[[ Input records open ]]

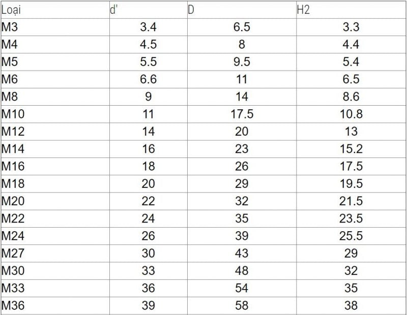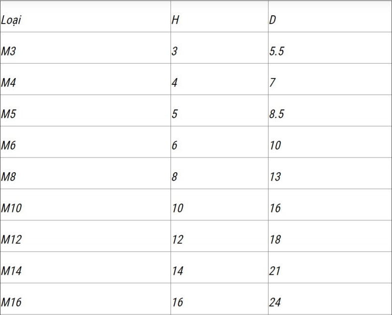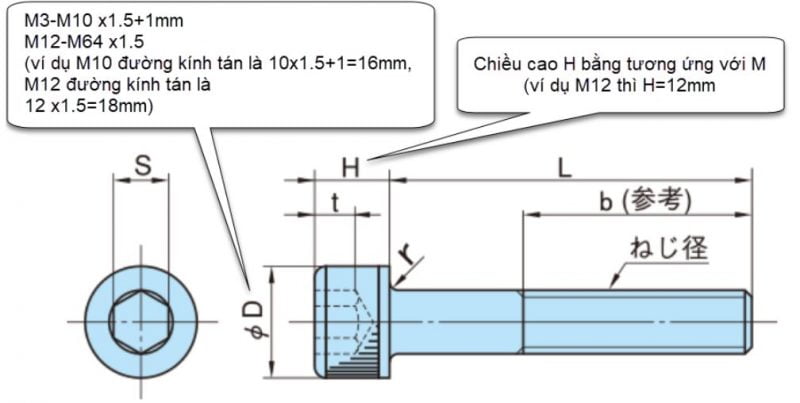 Cách tra cứu và tính toán đường kính và chiều cao tán bulong lục giác chìm
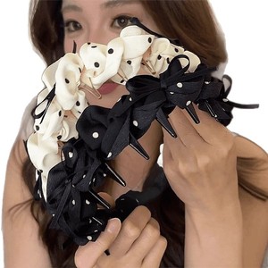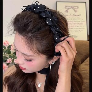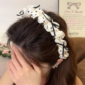 波点蝴蝶结发箍女褶皱宽甜美气质头箍压发高颅顶发卡2024年新头饰
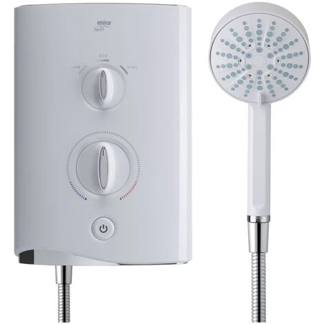 Easy To Use Temperature Control The Mira Sport Multi-Fit electric shower couldn’t be easier to use. With a simple push on the on/off button you can bring your shower to life and shut it back down again. The are two controls – one to select how powerful you want your shower (low, eco or high) and one to adjust the temperature, making it quick and straightforward to get your shower just right. Â |
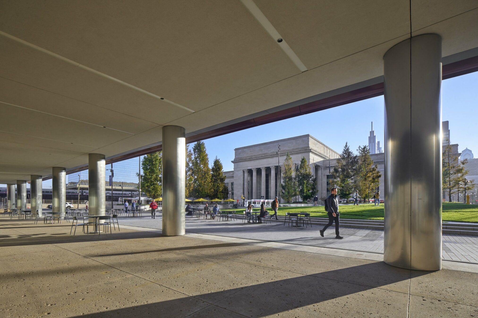 Picture yourself walking out of the western side of 30th Street Station, emerging from the Amtrak tracks below, and being greeted by… pretty much nothing. This was life several years back before Drexel Square, the public park that was the first completed aspect of the massive Schuylkill Yards master plan from Drexel University and Brandywine Realty Trust. Formerly a walled-off parking lot that led to Megabus lines along the sidewalk, this verdant new park encircled by redwood trees is now a welcoming new entrance to the revamped Bulletin Building and University City. Formerly home to the Philadelphia Evening Bulletin, which was published until the early ’80s, the building received a facelift several years back and is now home to Spark Therapeutics‘ headquarters.
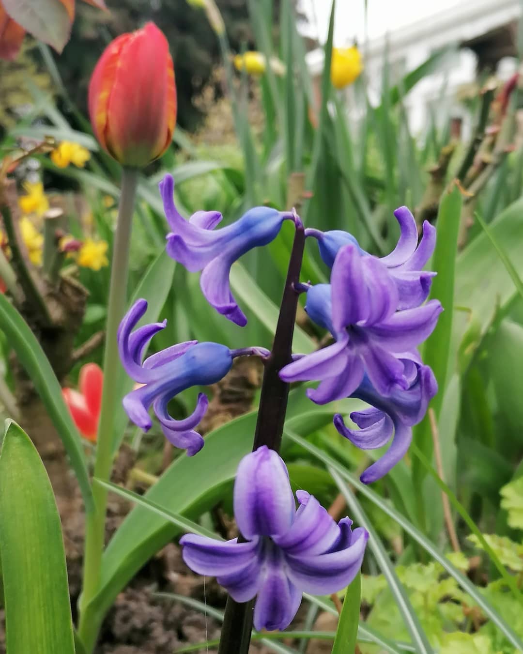 A fine display. I have been recycling potted hyacinths into the garden for years. The time lag you mention means they are always a pleasant surprise when they bloom again
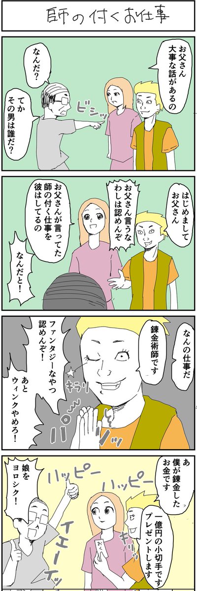 1 49 師の付くお仕事 #四コマ漫画 #漫画が読めるハッシュタグ #錬金術師 22/08/25 00:51
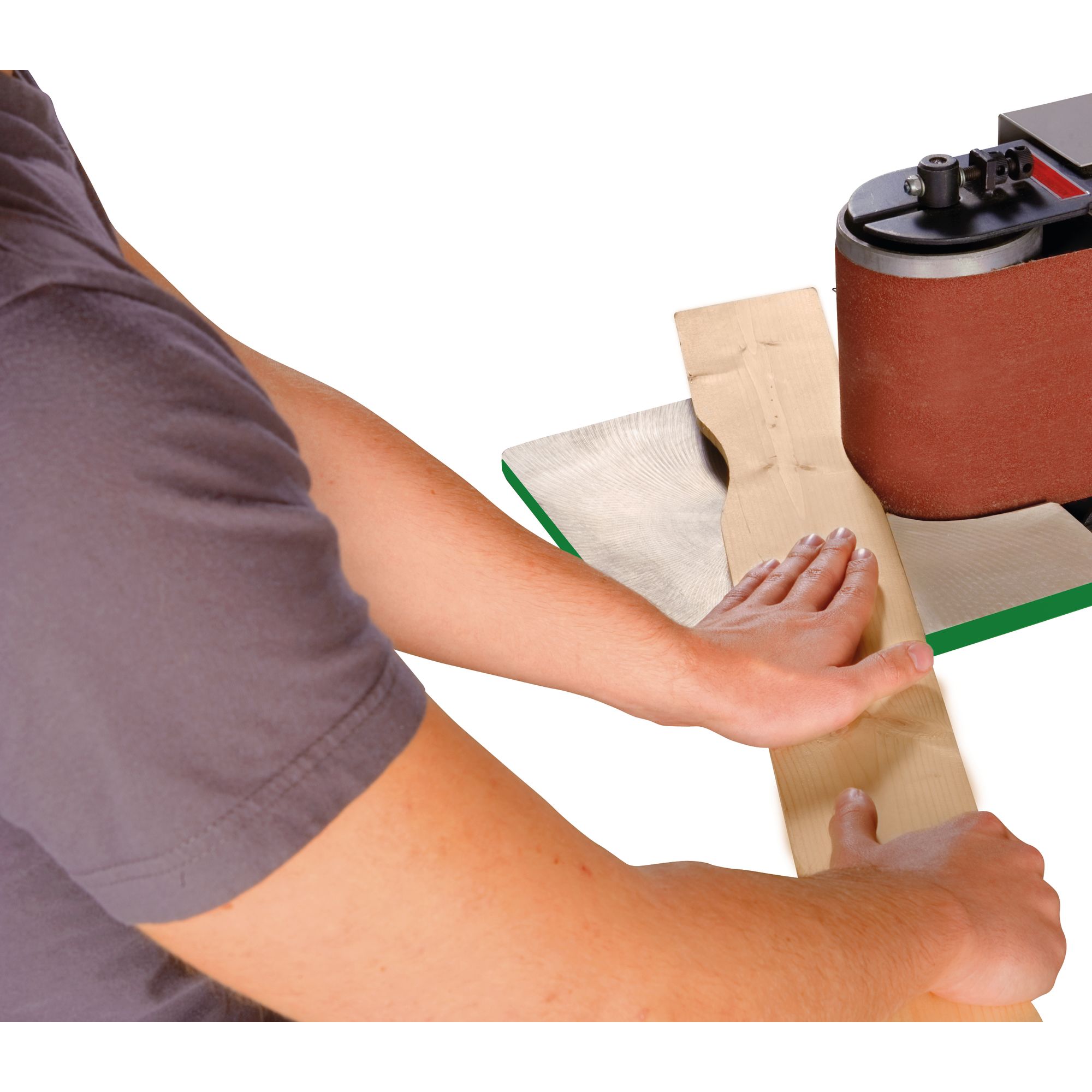 - Пружинное натяжное устройство для равномерного натяжения шлифовальной ленты.
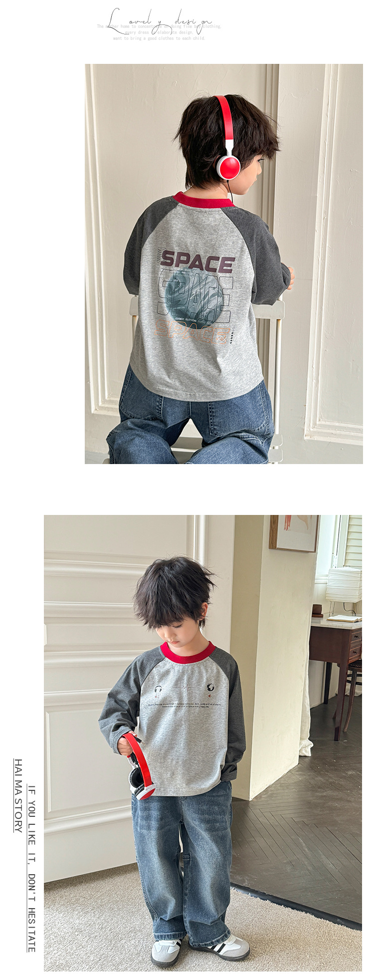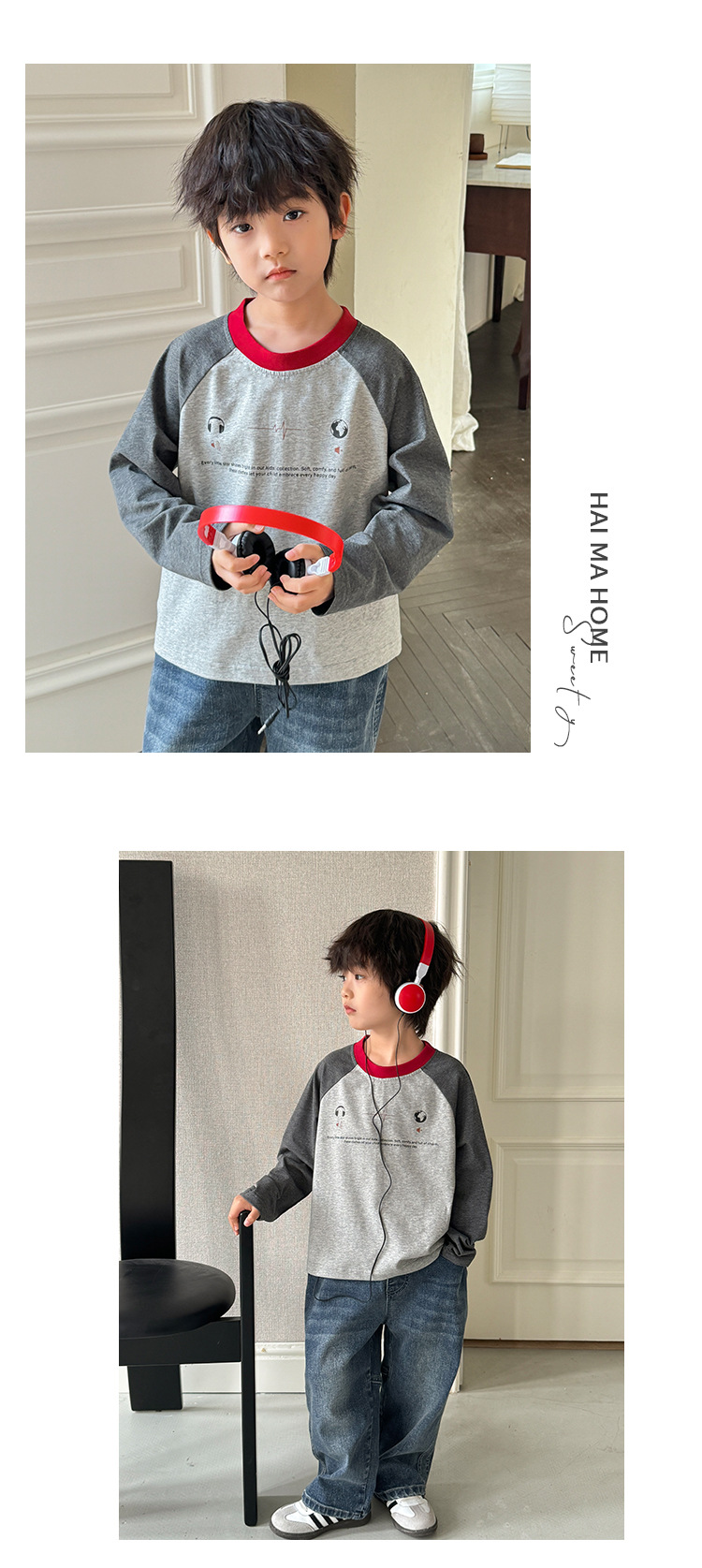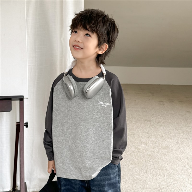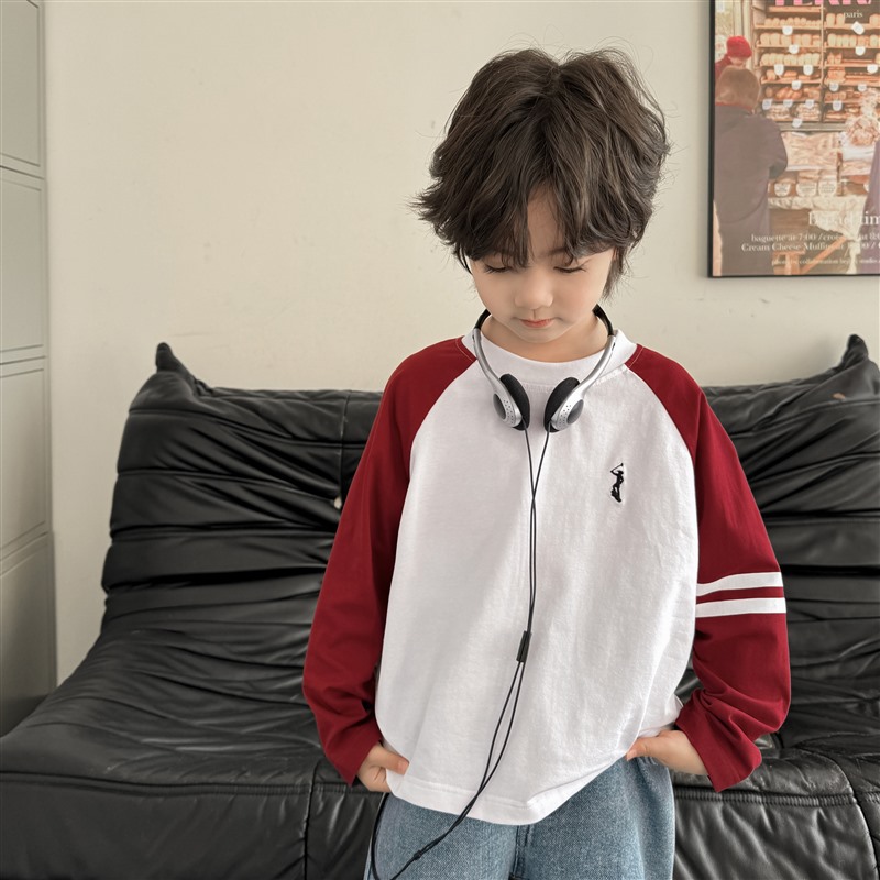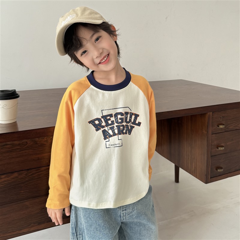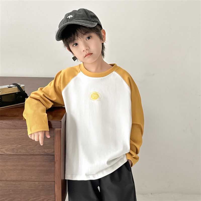 Haimajia 2025 새로운 가을 스타일 소년 순면 라글란 슬리브 긴팔 티셔츠 가을 옷 한국 스타일 아동복스토어 가기

[[ Input records closed ]]

> [What is needed]: The reply must hold every line above exactly as written and none of the pictures.

> [Answer box]:
 Cách tra cứu và tính toán đường kính và chiều cao tán bulong lục giác chìm
 波点蝴蝶结发箍女褶皱宽甜美气质头箍压发高颅顶发卡2024年新头饰
 Easy To Use Temperature Control The Mira Sport Multi-Fit electric shower couldn’t be easier to use. With a simple push on the on/off button you can bring your shower to life and shut it back down again. The are two controls – one to select how powerful you want your shower (low, eco or high) and one to adjust the temperature, making it quick and straightforward to get your shower just right. Â |
 Picture yourself walking out of the western side of 30th Street Station, emerging from the Amtrak tracks below, and being greeted by… pretty much nothing. This was life several years back before Drexel Square, the public park that was the first completed aspect of the massive Schuylkill Yards master plan from Drexel University and Brandywine Realty Trust. Formerly a walled-off parking lot that led to Megabus lines along the sidewalk, this verdant new park encircled by redwood trees is now a welcoming new entrance to the revamped Bulletin Building and University City. Formerly home to the Philadelphia Evening Bulletin, which was published until the early ’80s, the building received a facelift several years back and is now home to Spark Therapeutics‘ headquarters.
 A fine display. I have been recycling potted hyacinths into the garden for years. The time lag you mention means they are always a pleasant surprise when they bloom again
 1 49 師の付くお仕事 #四コマ漫画 #漫画が読めるハッシュタグ #錬金術師 22/08/25 00:51
 - Пружинное натяжное устройство для равномерного натяжения шлифовальной ленты.
 Haimajia 2025 새로운 가을 스타일 소년 순면 라글란 슬리브 긴팔 티셔츠 가을 옷 한국 스타일 아동복스토어 가기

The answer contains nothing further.